As we cannot -or should not- jump right into the deepest part of the pool without getting our feet wet first, level setting will help us to be on the same page. Let's begin by warming up the engines before the race begins.
Setting the stage: Switching process
Before putting CEF under the magnifying glass and exploring its clockwork, it is advantageous to begin with a proper examination of the packet forwarding process on a router. The process can be -generally- depicted in the illustration below.
Figure 1 - Forwarding process in a router
As represented above, there are several steps need to be taken in order for a router to forward a packet. The process can be described as follows:
- The router receives a frame, and to make sure it can work with it, it checks the received frame check sequence. If any mismatches are found, the frame is discarded.

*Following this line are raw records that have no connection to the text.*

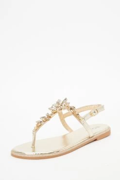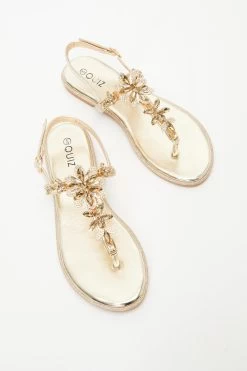 Gold Jewel T-Bar Flat Sandals
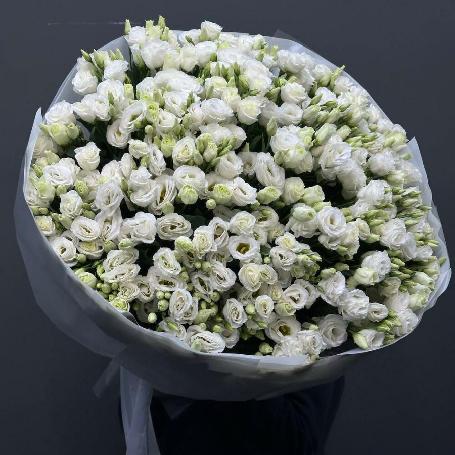 На фото букет из 101 белой эустомы. В составе: эустома (лизиантус) 101 шт, дизайнерская упаковка 4 шт, атласная лента 3 шт, . Все цветы свежие и ароматные, букет красиво оформлен и отлично подходит для подарка. Доступна доставка цветов или самовывоз.
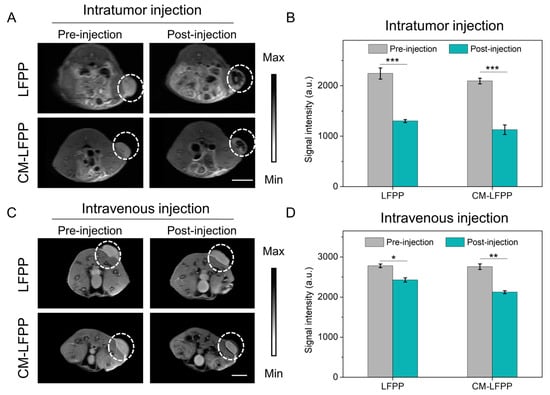 In vivo MRI. (A) The in vivo MRI of the PC-3 tumor-bearing mouse before and after intratumor injection of the LFPP and CM-LFPP; (B) The quantitative analysis of the tumor region in Figure 5A; (C) The in vivo MRI of the PC-3 tumor-bearing mouse before and after intravenous administration of the LFPP and CM-LFPP, respectively; (D) The quantitative analysis of the tumor region in Figure 5C. * p < 0.05, ** p < 0.01, *** p < 0.0005. Scale bars: 5 mm.

- If the FCS check is passed, the router then checks the Ethernet type field for the packet type and extracts the packet.
- Once the packet has been extracted, the following actions depends on the IP version of the packet: If it is IPv4, the header checksum is verified; a packet with a wrong checksum is discarded. If the packet is IPv6, this check is skipped as an IPv6 packet header does not contain a checksum.
- The router checks if the destination address of the packet matches any of the IP addresses configured on its interfaces in “up, line protocol up” state. If there is a match, the router is the final destination of the packet and it processes the packet locally.
- If the destination address did not match with of the “up, line protocol up” interfaces configured in the router, then the routing game begins. But in order for that to happen, the TTL must be higher than 1. The router checks if the TTL is higher than 1. If it is, it can be routed; if it does not contain a value higher than 1 then it is discarded and its sender notified with an ICMP Time Exceeded message.
- Time for routing! - The router checks its routing table and looks for the longest prefix match for the destination address in the packet.
- Once the next hop and the outgoing interface have been found in the routing table, the router needs the data link layer information of the next hop to build a new frame and be able to deliver the packet. It relies on mechanisms like ARP -there are many others- to map Layer3 to Layer2 information.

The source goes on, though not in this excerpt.